-- Data shown follows --
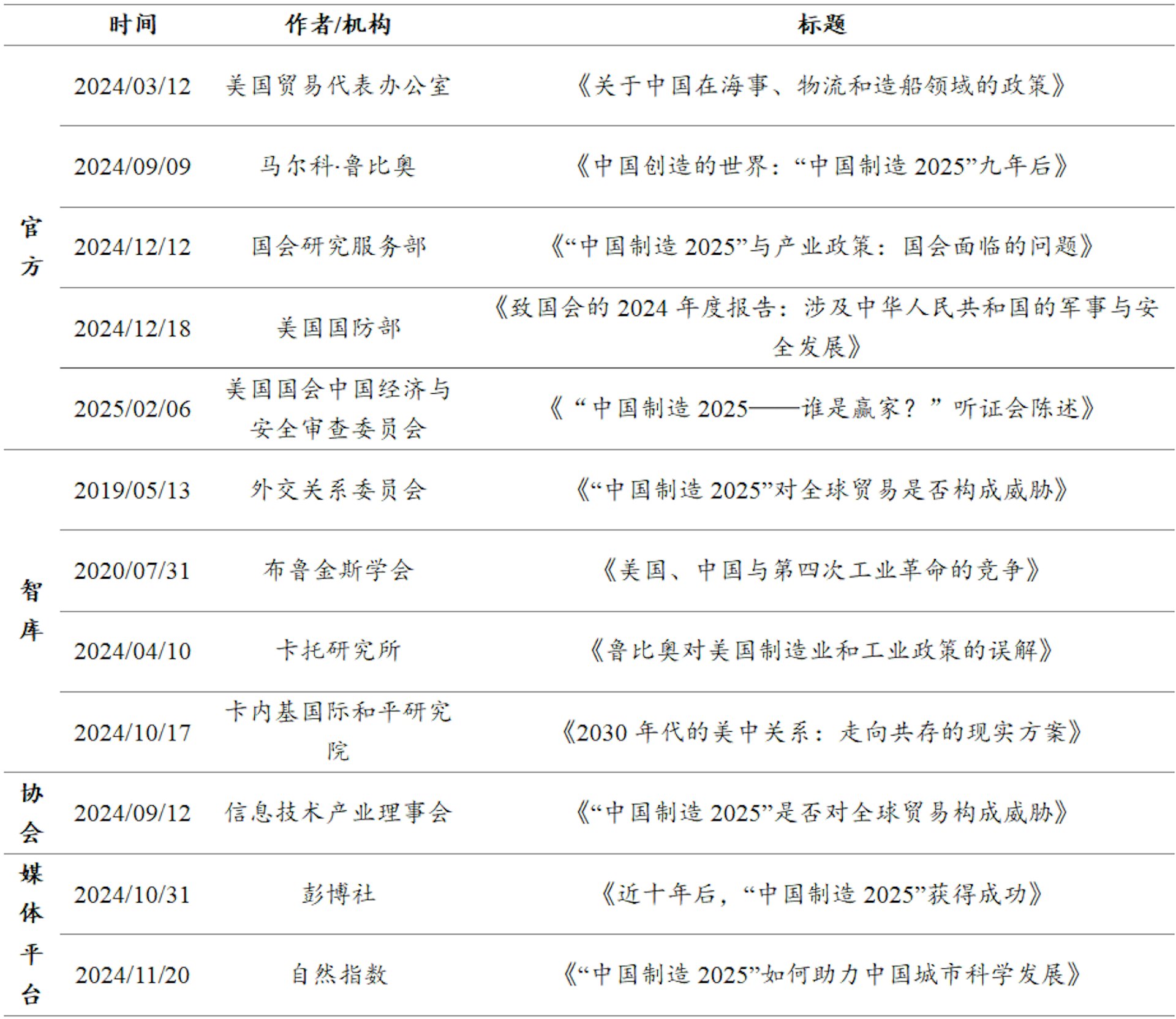 「中国制造2025」美国评估引用文献汇总。(人大重阳)
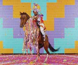 La giovane star dell’arte Alex Da Corte (Camden, NJ, USA, 1980) lavora con la pittura, la scul tura, l’installazione e il video, appa rendo spesso sotto mentite spoglie nei suoi flm, interpretando fgure iconiche come Braccio di Ferro o la Statua della Libertà. Conquista gli spazi con il colore all’intersezione tra design e cultura visiva. La mo stra al Louisiana è la prima presen tazione approfondita delle sue opere in Europa. Qui si possono incontra re sia le prime opere sia lavori com pletamente nuovi in una scenografa travolgente, concepita dall’artista, con pavimenti appositamente pro gettati, pareti dai colori vivaci, luci al neon e profumi caratteristici: tut to sommato, è come entrare in una realtà parallela.
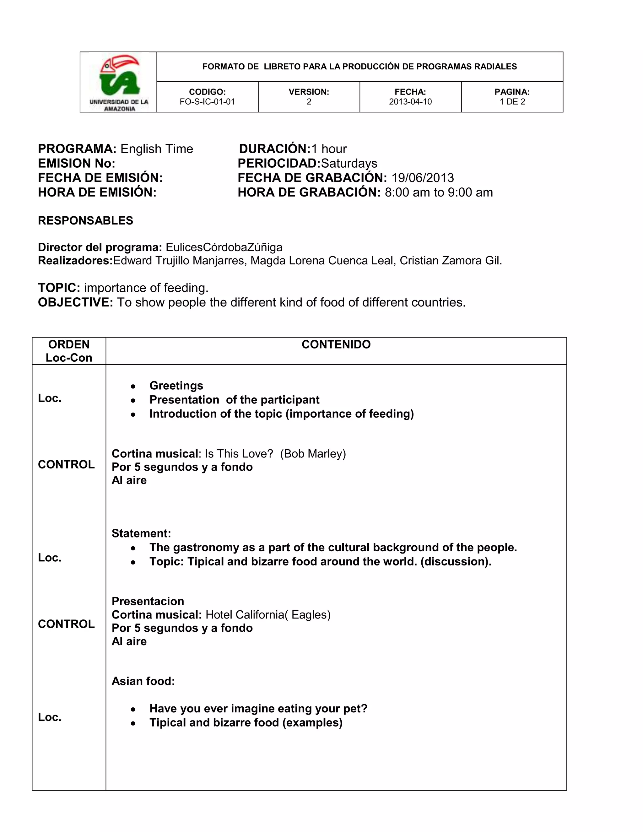 Este documento presenta el formato de libreto para un programa radial titulado "English Time" que se transmitirá los sábados de 8 a 9 am. El programa tratará sobre la importancia de la alimentación y mostrará diferentes tipos de alimentos de diferentes países. Incluirá discusiones sobre comidas típicas y extrañas de todo el mundo, con ejemplos de comidas asiáticas que incluyen animales de mascotas.
-- Data shown concluded --
What you need to do
Copy the material exactly. Do not include the pictures.

Exercise solution
 「中国制造2025」美国评估引用文献汇总。(人大重阳)
 La giovane star dell’arte Alex Da Corte (Camden, NJ, USA, 1980) lavora con la pittura, la scul tura, l’installazione e il video, appa rendo spesso sotto mentite spoglie nei suoi flm, interpretando fgure iconiche come Braccio di Ferro o la Statua della Libertà. Conquista gli spazi con il colore all’intersezione tra design e cultura visiva. La mo stra al Louisiana è la prima presen tazione approfondita delle sue opere in Europa. Qui si possono incontra re sia le prime opere sia lavori com pletamente nuovi in una scenografa travolgente, concepita dall’artista, con pavimenti appositamente pro gettati, pareti dai colori vivaci, luci al neon e profumi caratteristici: tut to sommato, è come entrare in una realtà parallela.
 Este documento presenta el formato de libreto para un programa radial titulado "English Time" que se transmitirá los sábados de 8 a 9 am. El programa tratará sobre la importancia de la alimentación y mostrará diferentes tipos de alimentos de diferentes países. Incluirá discusiones sobre comidas típicas y extrañas de todo el mundo, con ejemplos de comidas asiáticas que incluyen animales de mascotas.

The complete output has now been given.